(Beginning of Supplied data)

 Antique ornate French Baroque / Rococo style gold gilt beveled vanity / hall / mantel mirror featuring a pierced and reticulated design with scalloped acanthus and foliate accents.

(End of Supplied data)
(Beginning of Supplied data)

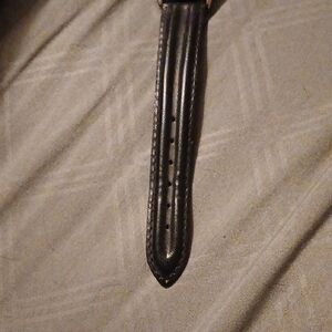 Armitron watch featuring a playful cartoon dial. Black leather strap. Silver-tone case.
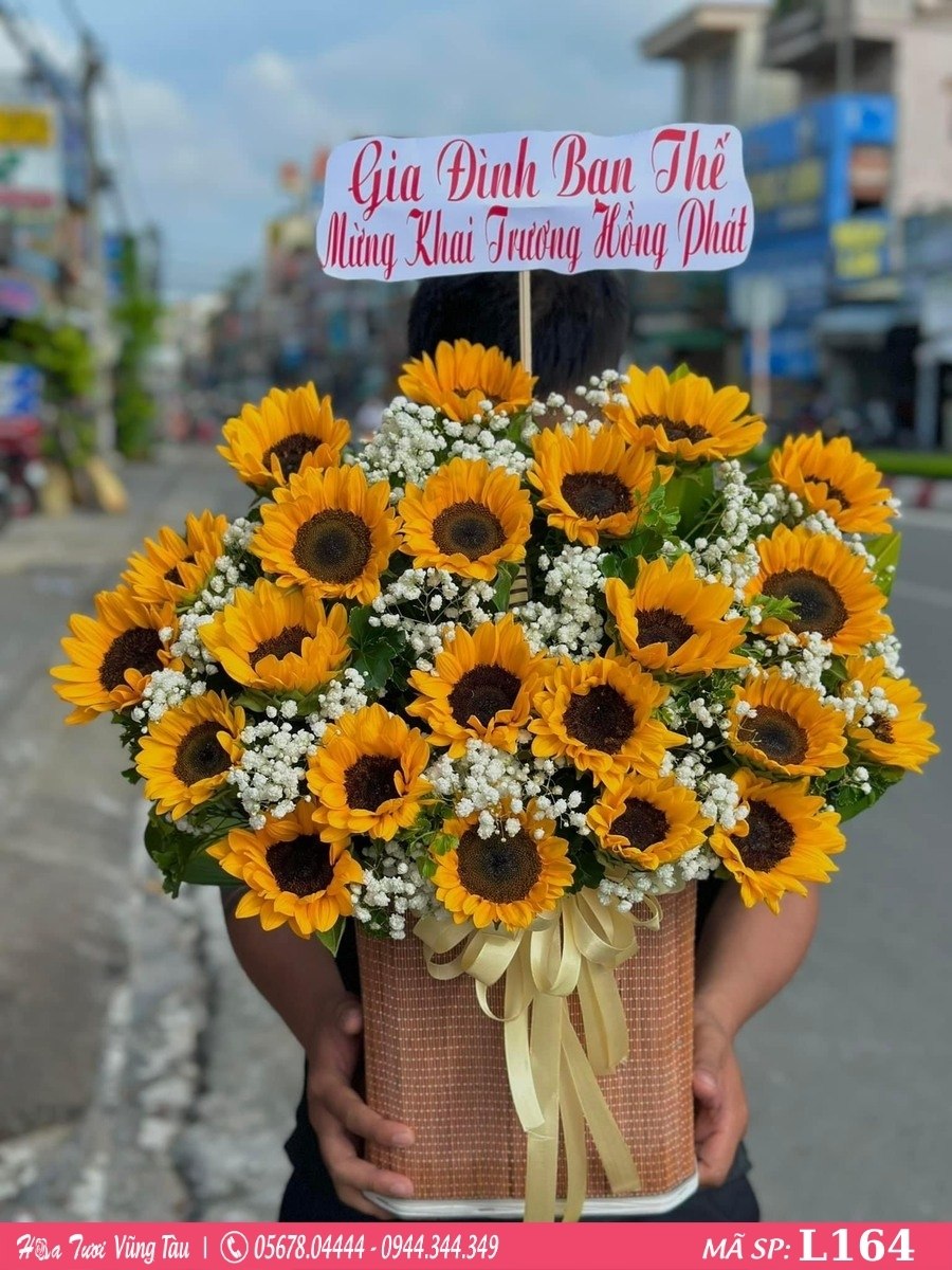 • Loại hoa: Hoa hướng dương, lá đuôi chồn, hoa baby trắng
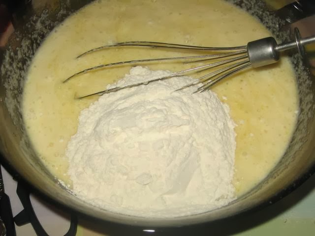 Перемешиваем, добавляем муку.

(End of Supplied data)

The material above holds pictures; leave them out and set down exactly the lines from the line with "hoa baby trắng" to the line with "Перемешиваем, добавляем муку.", both included.

 • Loại hoa: Hoa hướng dương, lá đuôi chồn, hoa baby trắng
 Перемешиваем, добавляем муку.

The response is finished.